The value, in seconds, to return in the Access-Control-Max-Age header used in preflight responses.

cors.[].method

Optional

list (string)

The list of HTTP methods on which to include CORS response headers, (GET, OPTIONS, POST, etc) Note: "*" is permitted in the list of methods, and means "any method".

cors.[].method.[]

Optional

string

cors.[].origin

Optional

list (string)

The list of Origins eligible to receive CORS response headers. Note: "*" is permitted in the list of origins, and means "any Origin".

cors.[].origin.[]

Optional

string

cors.[].responseHeader

Optional

list (string)

The list of HTTP headers other than the simple response headers to give permission for the user-agent to share across domains.

cors.[].responseHeader.[]

Optional

string

defaultEventBasedHold

Optional

boolean

encryption

Optional

object

The bucket's encryption configuration.

encryption.kmsKeyRef

Required*

object

encryption.kmsKeyRef.external

Optional

string

The selfLink of a KMSCryptoKey.

encryption.kmsKeyRef.name

Optional

string

Name of the referent.

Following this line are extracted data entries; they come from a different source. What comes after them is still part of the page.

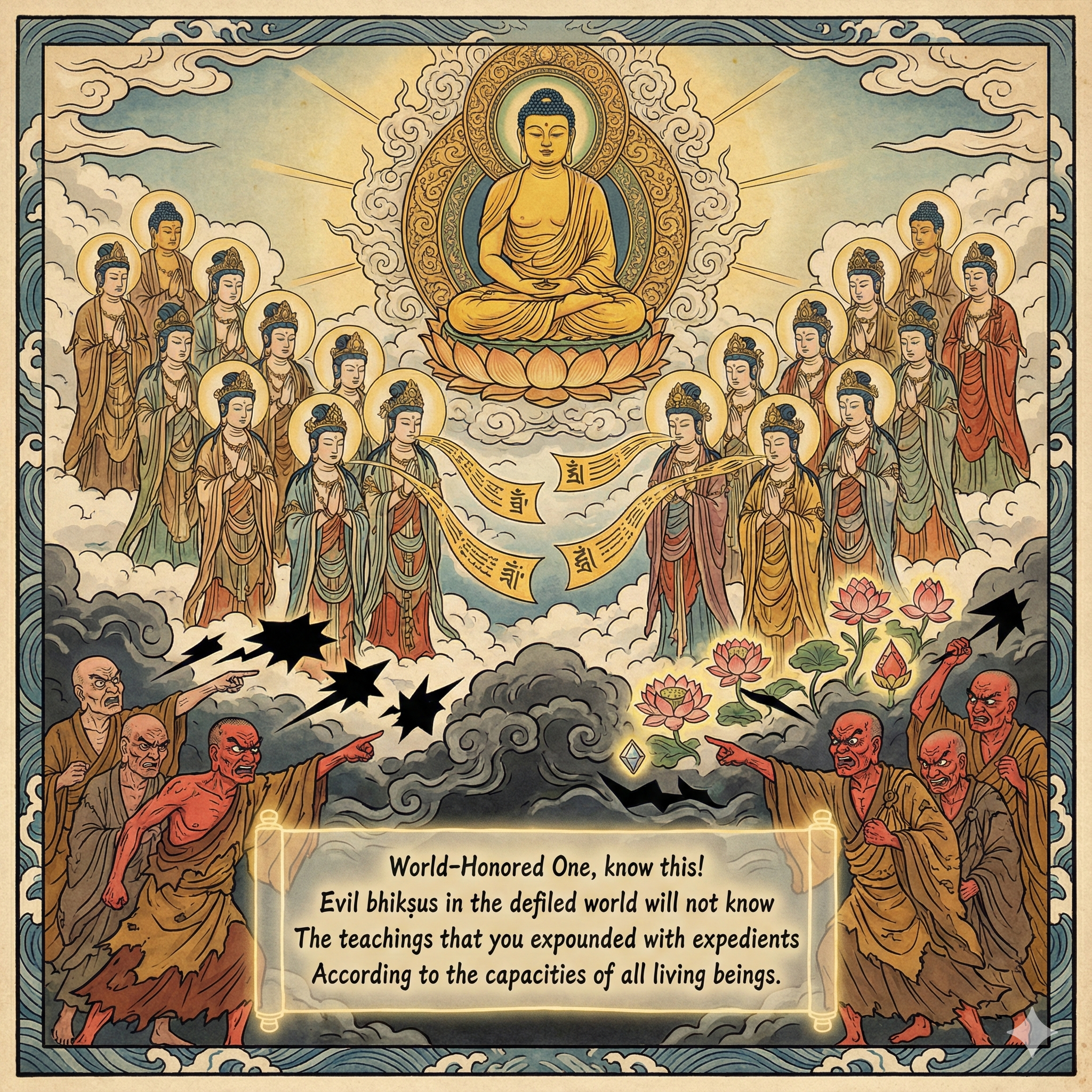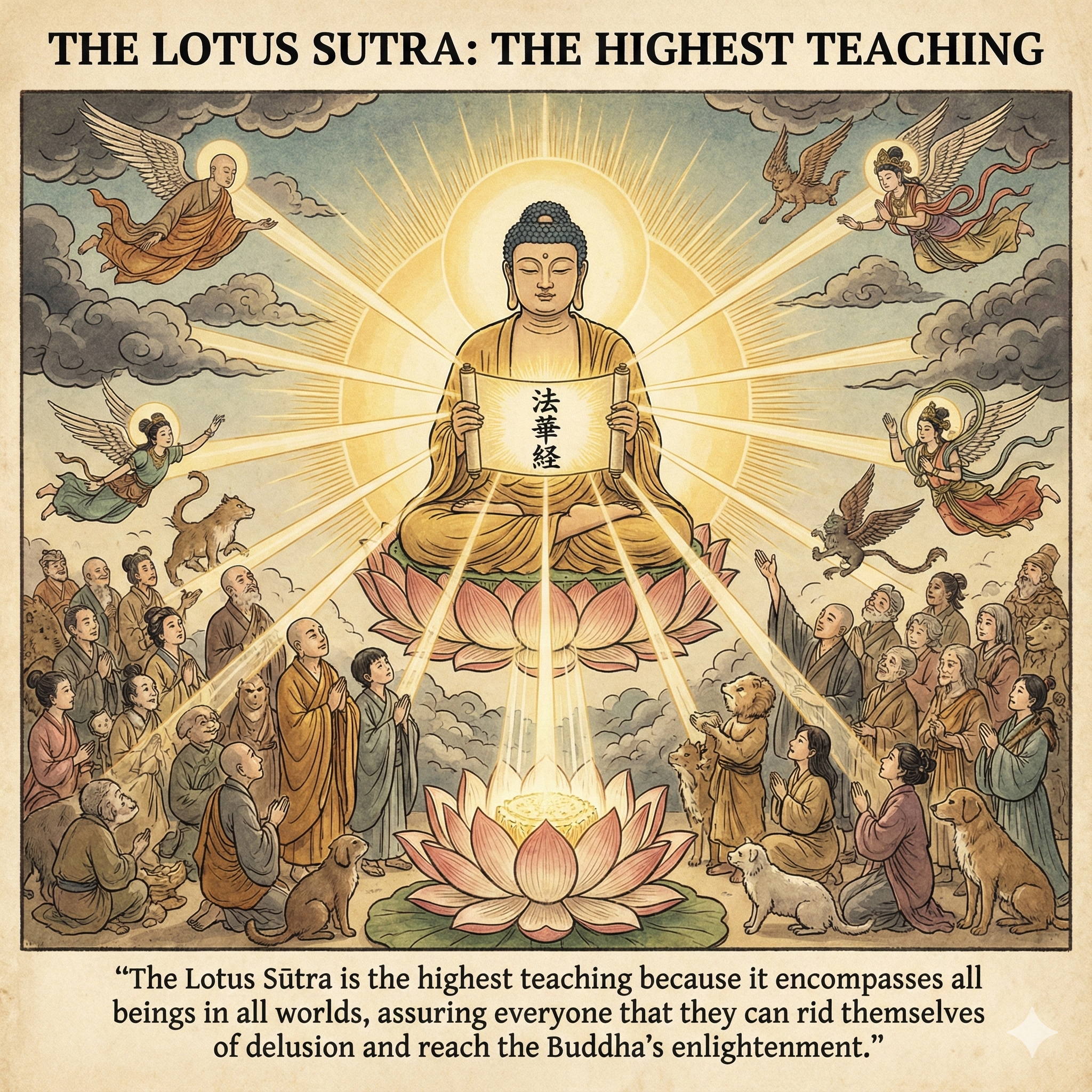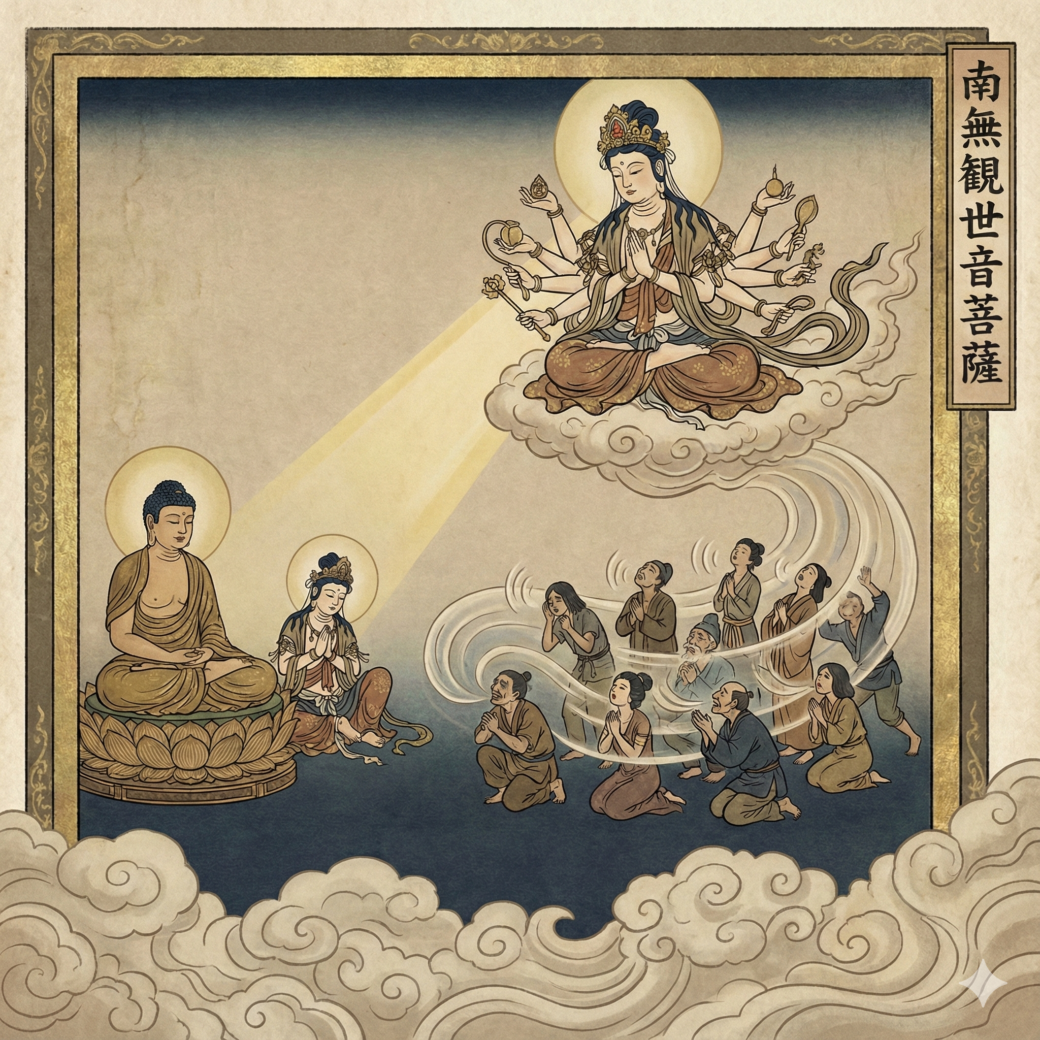 This central Bodhisattva acts as the visual anchor for the text excerpt from the Lotus Sūtra.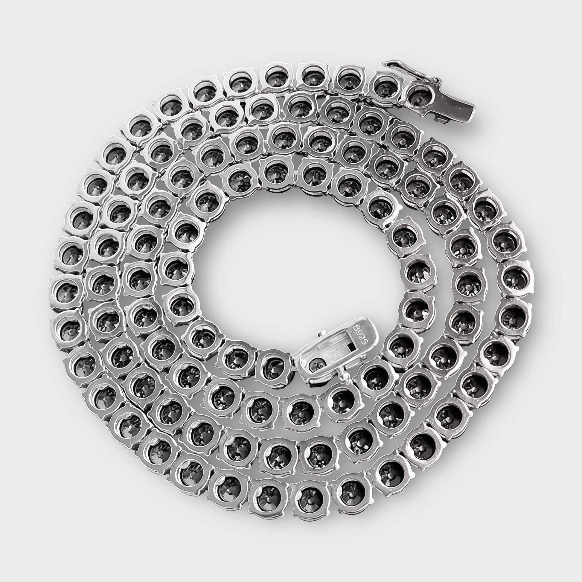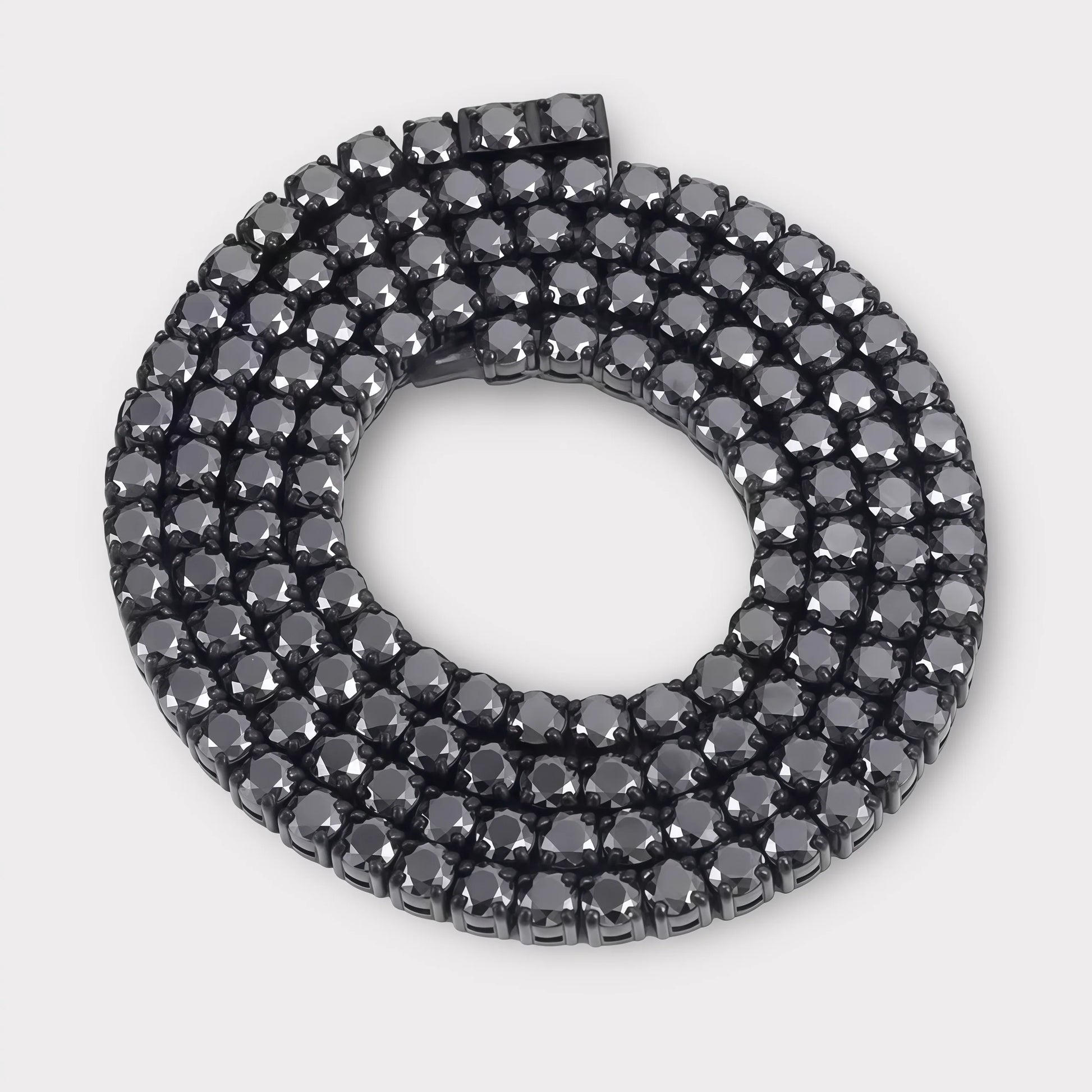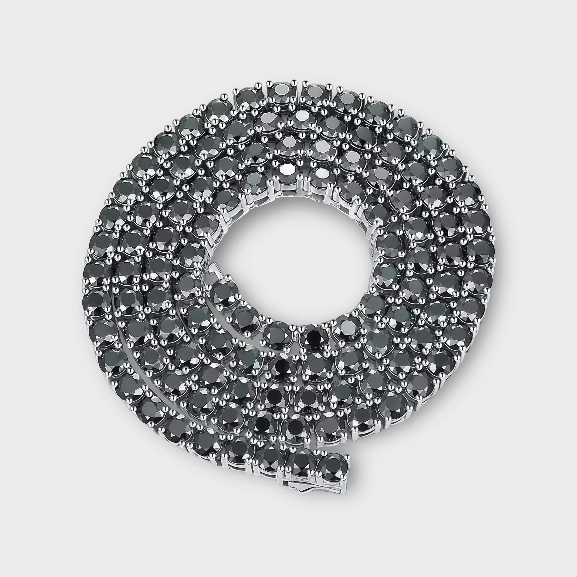 Step into bold luxury with our Black Moissanite Tennis Chain, a statement piece crafted to turn heads from every angle. Each link is handset with premium black moissanite stones, offering the brilliance and fire of diamonds but with a deeper, more mysterious edge. The dark gleam of the moissanite contrasts perfectly against its sleek metal setting, creating a modern and powerful aesthetic that commands attention.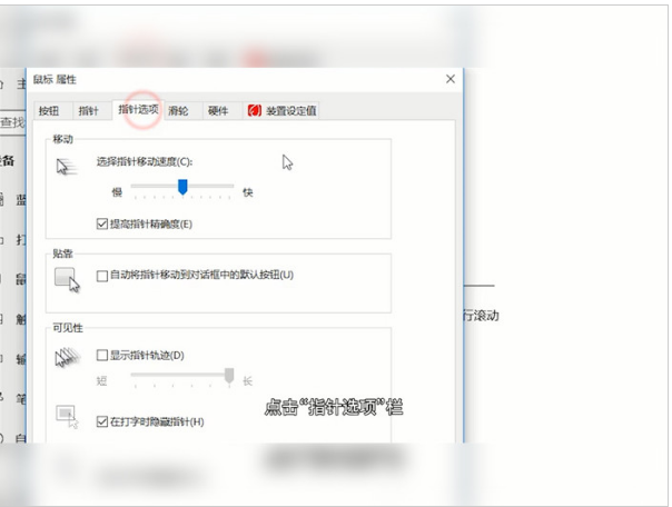 第六步:点击“指针选项”栏,即可在“选择鼠标移到速度”处设置dpi了。

More info: https://kubernetes.io/docs/concepts/overview/working-with-objects/names/#names

encryption.kmsKeyRef.namespace

Optional

string

Namespace of the referent. More info: https://kubernetes.io/docs/concepts/overview/working-with-objects/namespaces/

lifecycleRule

Optional

list (object)

The bucket's Lifecycle Rules configuration.

lifecycleRule.[]

Optional

object

lifecycleRule.[].action

Required*

object

The Lifecycle Rule's action configuration. A single block of this type is supported.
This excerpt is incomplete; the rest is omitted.